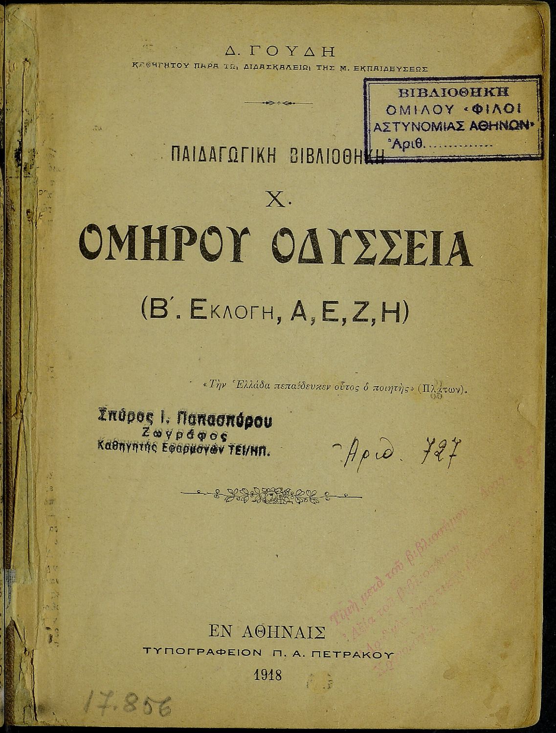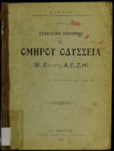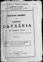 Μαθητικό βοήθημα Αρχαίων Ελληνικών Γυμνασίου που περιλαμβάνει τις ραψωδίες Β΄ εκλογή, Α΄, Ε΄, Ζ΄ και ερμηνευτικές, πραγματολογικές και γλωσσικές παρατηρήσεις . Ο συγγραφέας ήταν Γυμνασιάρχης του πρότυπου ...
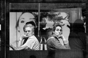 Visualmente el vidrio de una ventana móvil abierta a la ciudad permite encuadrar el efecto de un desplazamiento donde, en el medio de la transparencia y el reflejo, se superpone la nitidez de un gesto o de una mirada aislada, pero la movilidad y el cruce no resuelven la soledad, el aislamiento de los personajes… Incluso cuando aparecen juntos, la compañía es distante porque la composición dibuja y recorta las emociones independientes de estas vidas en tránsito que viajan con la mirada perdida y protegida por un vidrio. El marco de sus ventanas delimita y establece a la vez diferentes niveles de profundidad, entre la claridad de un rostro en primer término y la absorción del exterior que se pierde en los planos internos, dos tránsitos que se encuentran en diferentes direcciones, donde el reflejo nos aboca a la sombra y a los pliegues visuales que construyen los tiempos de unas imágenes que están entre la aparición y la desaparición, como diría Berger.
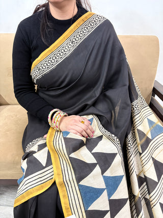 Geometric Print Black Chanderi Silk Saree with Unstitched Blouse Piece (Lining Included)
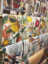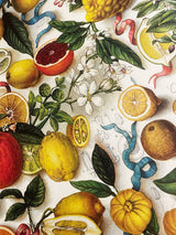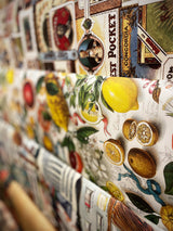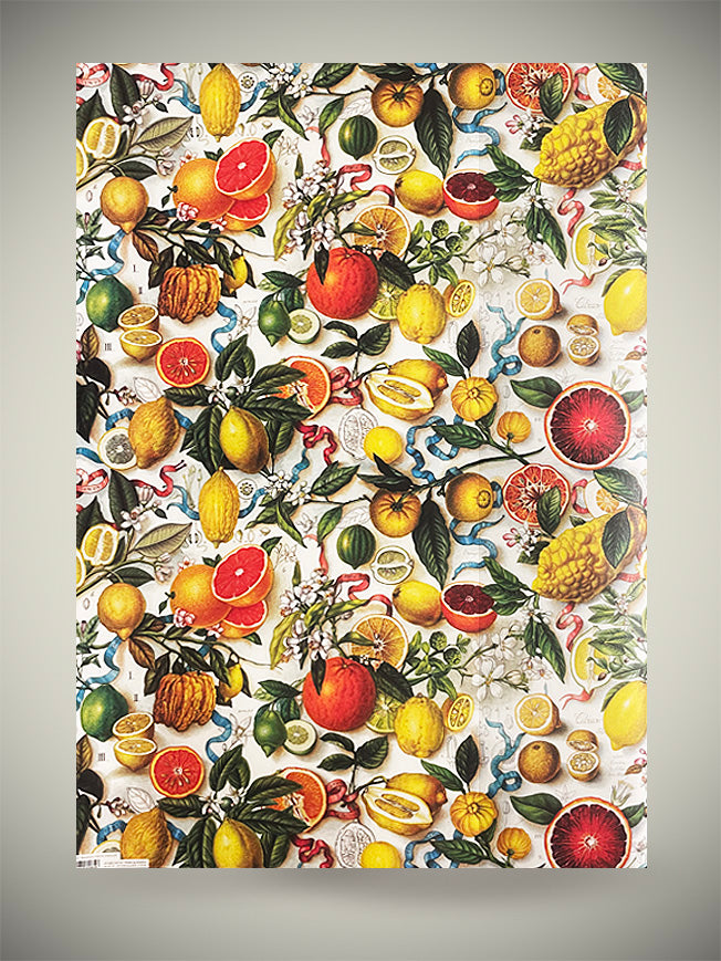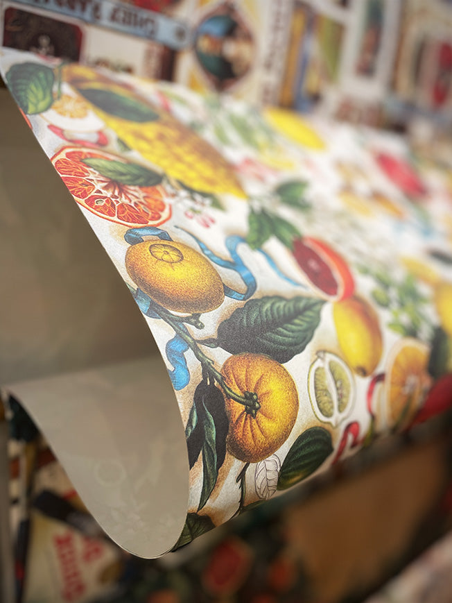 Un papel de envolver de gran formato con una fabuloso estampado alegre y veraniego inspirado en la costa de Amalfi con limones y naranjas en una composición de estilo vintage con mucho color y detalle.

§ Task description
Word for word, restate only the lines from the one bearing "Visualmente el vidrio" through the final line of the listing, inclusive, with no pictures.

§ The completed task
 Visualmente el vidrio de una ventana móvil abierta a la ciudad permite encuadrar el efecto de un desplazamiento donde, en el medio de la transparencia y el reflejo, se superpone la nitidez de un gesto o de una mirada aislada, pero la movilidad y el cruce no resuelven la soledad, el aislamiento de los personajes… Incluso cuando aparecen juntos, la compañía es distante porque la composición dibuja y recorta las emociones independientes de estas vidas en tránsito que viajan con la mirada perdida y protegida por un vidrio. El marco de sus ventanas delimita y establece a la vez diferentes niveles de profundidad, entre la claridad de un rostro en primer término y la absorción del exterior que se pierde en los planos internos, dos tránsitos que se encuentran en diferentes direcciones, donde el reflejo nos aboca a la sombra y a los pliegues visuales que construyen los tiempos de unas imágenes que están entre la aparición y la desaparición, como diría Berger.
 Geometric Print Black Chanderi Silk Saree with Unstitched Blouse Piece (Lining Included)
 Un papel de envolver de gran formato con una fabuloso estampado alegre y veraniego inspirado en la costa de Amalfi con limones y naranjas en una composición de estilo vintage con mucho color y detalle.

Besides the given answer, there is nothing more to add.